I’d already finished my chores for the day, and working with Roos in the hot kitchen would be tedious, but I nodded with a martyr’s air.
Roos had been married to a policeman in Corpus Christi, Suzanne had told me, which seemed about right. She floated around the border with the dreamy solicitude of beaten wives, and even my offer of help with the dishes was met with a mild cower. I scrubbed gelatinous fug from their biggest stew pot, the colorless scraps of food gumming up the sponge. Guy was punishing me in his petty fashion, but I didn’t care. Any irritation was softened by Suzanne’s return. She gusted into the kitchen, breathless.
“The guy gave Russell the truck,” Suzanne said, her face bright, casting around for an audience. She opened a cabinet, rooting inside. “It was so perfect,” she said, “ ’cause he wanted, like, two hundred bucks. And Russell said, all calm, You should just give it to us.”
She laughed, still residually thrilled, and sat up on the counter. Starting to crack her way through a bag of dusty-looking peanuts. “The guy was real angry, at first, that Russell was just asking for it. For free.”
Roos was only half listening, picking through the makings of that night’s dinner, but I turned off the faucet, watching Suzanne with my whole body.
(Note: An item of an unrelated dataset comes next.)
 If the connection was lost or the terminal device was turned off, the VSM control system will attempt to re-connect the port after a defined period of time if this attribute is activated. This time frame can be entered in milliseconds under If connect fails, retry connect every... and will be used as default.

“And Russell said, Let’s just talk for a minute. Just let me tell you what I’m about.” Suzanne spit a shell back into the bag. “We had some tea with the guy, in his weird log cabin house. For an hour or something. Russell gave him the whole vision, laid it all out. And the guy was real interested in what we were doing out here. Showed Russell his old army pictures. Then he said we could just have the truck.”
I wiped my hands on my shorts, her giddiness making me so shy I had to turn away. I finished the dishes to the sound of her snapping open peanut after peanut from her perch on the counter, amassing an unruly pile of damp shells until the bag was gone and she went looking for someone else to tell her story to.
—
The girls would hang out near the creek because it was cooler, the breeze carrying a chill, though the flies were bad. The rocks capped with algae, the sleepy shade. Russell had come back from town in the new truck, bearing candy bars, comic books whose pages grew limp from our hands. Helen ate her candy immediately and looked around at the rest of us with a seethe of jealousy. Though she’d also come from a wealthy family, we weren’t close. I found her dull except around Russell, when her brattiness took on a directed aim. Preening under his touch like a cat, she acted younger, even than me, stunted in a way that would later seem pathological.
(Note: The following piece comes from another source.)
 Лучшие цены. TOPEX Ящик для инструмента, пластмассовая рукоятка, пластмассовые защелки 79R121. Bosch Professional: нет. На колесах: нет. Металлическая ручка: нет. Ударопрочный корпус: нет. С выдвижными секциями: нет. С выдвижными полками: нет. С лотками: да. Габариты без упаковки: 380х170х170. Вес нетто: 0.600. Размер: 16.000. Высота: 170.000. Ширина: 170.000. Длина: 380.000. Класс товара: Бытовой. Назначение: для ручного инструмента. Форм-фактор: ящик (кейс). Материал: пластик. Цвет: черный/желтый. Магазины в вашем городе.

“Jesus. Stop staring at me,” Suzanne said, hunching her candy away from Helen. “You already ate yours.” Her shape on the bank next to me, her toes curling into the dirt. Jerking when a mosquito swarmed by her ear.
“Just a bite,” Helen whined. “Just the corner.”
Roos glanced up from the chambray mess of cloth in her lap. She was mending a work shirt for Guy, her tiny stitches made with absent precision.
“You can have some of mine,” Donna said, “if you be quiet.” She picked her way to Helen, her chocolate bar craggy with peanuts.